Switching power supplies are a class of power supplies where power is converted from one form to another at least in part by periodically cycling one or more switches (e.g., transistors) between their fully on and fully off conditions. Switching power supplies may be contrasted with linear power supplies where one or more devices (e.g., transistors) are operated in their linear region as opposed to in their fully on or fully off conditions. Switching power supplies commonly offer a number of advantages over linear power supplies including higher efficiency and/or smaller size.
Switching power supplies, such as DC-to-DC converters, commonly have at least one inductor that is charged and discharged during each switching cycle of the power supply. Such charging and discharging of the inductor causes an alternating current, frequently referred to as ripple current, to flow through the inductor. Although some ripple current must flow through the inductor in order for the switching power supply to properly function, the ripple current generally causes undesirable power losses in the inductor and other components (e.g., switching transistors) of the power supply. Accordingly, it may be desirable to reduce ripple current magnitude in order to reduce power loss in the power supply. Furthermore, in some switching power supplies, output ripple voltage is generated in proportion to the magnitude of inductor ripple current. This ripple voltage is generally not desired, and it may be desirable to reduce inductor ripple current magnitude in order to reduce output ripple voltage.
Buck and buck derived DC-to-DC converters are a class of switching power supplies. In such DC-to-DC converters, an inductor is connected to an output filter of the DC-to-DC converter.
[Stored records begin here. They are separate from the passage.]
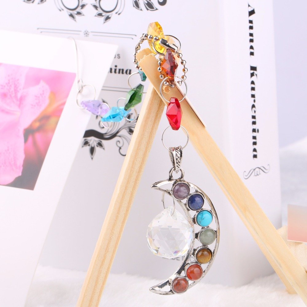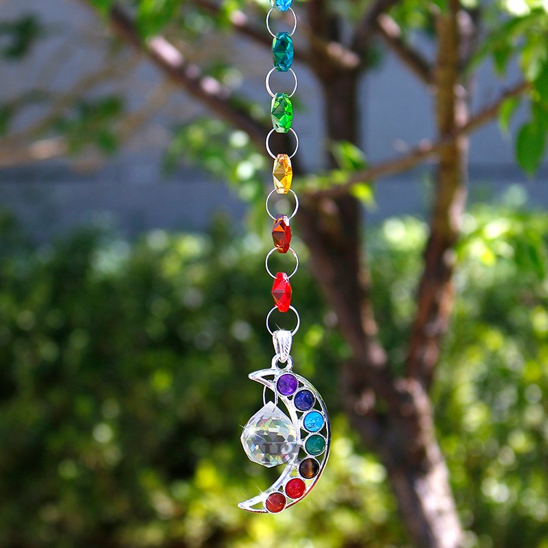 Rainbow Half-Moon Hanging Chakra Crystal Suncatcher
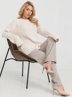 Свитер женский оверсайз вязаный теплый светло-бежевый
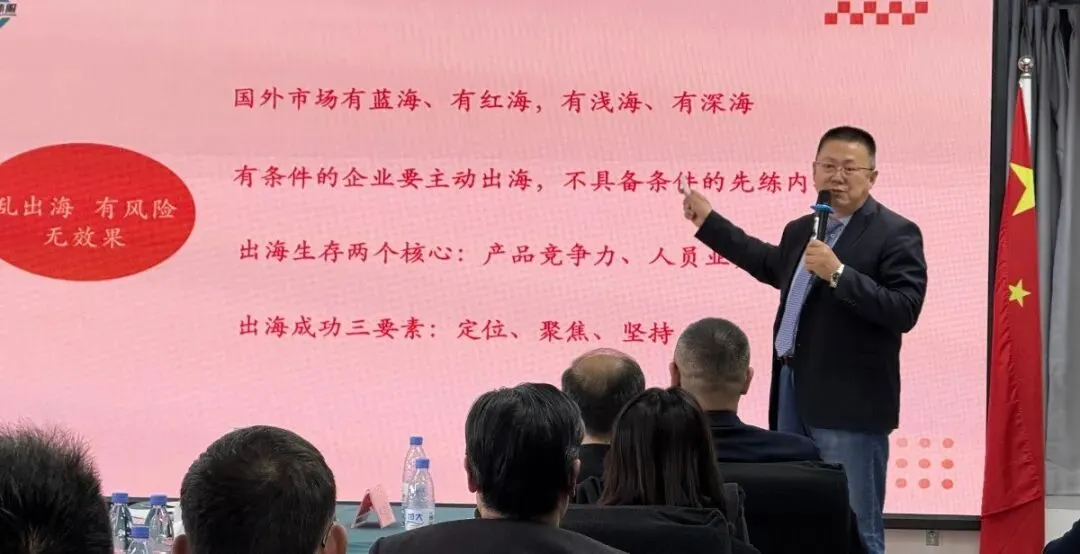 中国国际商会贸促中心林胜鸿副主任到会发言,他向大家介绍了中国国际商会2025年的贸易促进工作计划,跨境展销一体化服务项目的工作目标,更大力度的支持中国企业走出去,开拓国际市场的一些措施和内容。

The magnitude of ripple current through the inductor is a function of factors including the voltage applied across the inductor, the DC-to-DC converter's switching frequency, the DC-to-DC converter's duty cycle, and the inductor's inductance value. For example, a buck converter's peak-to-peak inductor ripple current magnitude can be expressed according to the following equation under ideal, steady state conditions:
                              Δ          ⁢                                          ⁢          I                =                                            V              on                        ⁢            D                    FL                                    EQN        .                                  ⁢        1            
In EQN. 1, ΔI is the peak-to-peak ripple current magnitude, Von is the magnitude of the voltage across the inductor when it is being charged (i.e., input voltage minus output voltage), D is the duty cycle of the buck converter, F is the buck converter's switching frequency, and L is the inductor's inductance value.
Note that load current does not appear in EQN. 1. Accordingly, in buck and buck derived converters, the inductor's ripple current magnitude is largely independent of the load powered by the converter. Thus, at light load conditions, the relative ripple current magnitude may be significant, and significant power may be lost in the DC-to-DC converter even when it is powering a light load. Such light load power loss may be highly undesirable in applications, such as battery powered portable applications, where battery life must be maximized.
Although ripple current magnitude in a buck and a buck derived converter may be decreased by increasing the inductor's inductance value, as can be observed from EQN. 1, doing so impairs the converter's ability to respond to changing loads, commonly referred to as transient loads, by limiting the speed at which the converter's output current magnitude can change. How a power supply (e.g., a DC-to-DC converter) responds to rapid changes in load is frequently referred to as the power supply's transient response. Thus, the faster a DC-to-DC converter is able to respond to a change in load, the better the DC-to-DC converter's transient response.
In many buck and buck derived converters, it is important that the converter have a good transient response. For example, the converter may be powering a microprocessor that presents large transient loads and yet has stringent voltage regulation specifications. The converter must quickly respond to the transient loads in order to maintain its output voltage within the microprocessor's stringent voltage regulation specifications.
Output capacitors are required to handle a transient load to the extent that the transient load cannot be handled by the buck or buck derived converter. As a rule, the better a converter's transient response, the less output capacitance is required. Thus, if a buck or buck derived converter's transient response is improved (e.g., by lowering its inductance value), the converter's output capacitance requirements may be reduced, thereby reducing cost and/or saving space. Further, if a buck or buck derived converter's transient response is improved, costly and difficult to procure capacitors having a very low equivalent series resistance (“ESR”) may be replaced with lower cost, easier to obtain capacitors having a higher ESR.
Thus, a buck or buck derived converter's efficiency may be improved by increasing its inductor's inductance value. However, doing so degrades the converter's transient response. Alternately, a buck or buck derived converter's transient response may be improved by lowering its inductor's inductance value. However, doing so degrades the converter's efficiency.
Sun et al. have disclosed a saturable inductor intended to improve light load efficiency in a single phase buck converter. See Sun et al., Light Load Efficiency Improvement for Laptop VRs, Applied Power Electronics Conference, APEC 2007, Feb. 25, 2007-Mar. 1, 2007. Sun's inductor is formed on an E-I core with a winding around the center leg. A small cross section of the center leg core material is designed to saturate when the current through the inductor exceeds a predetermined level so that the inductor has one inductance value at heavy loads, and a larger inductance value at loads below the saturation limit to improve light-load efficiency during discontinuous conduction mode operation.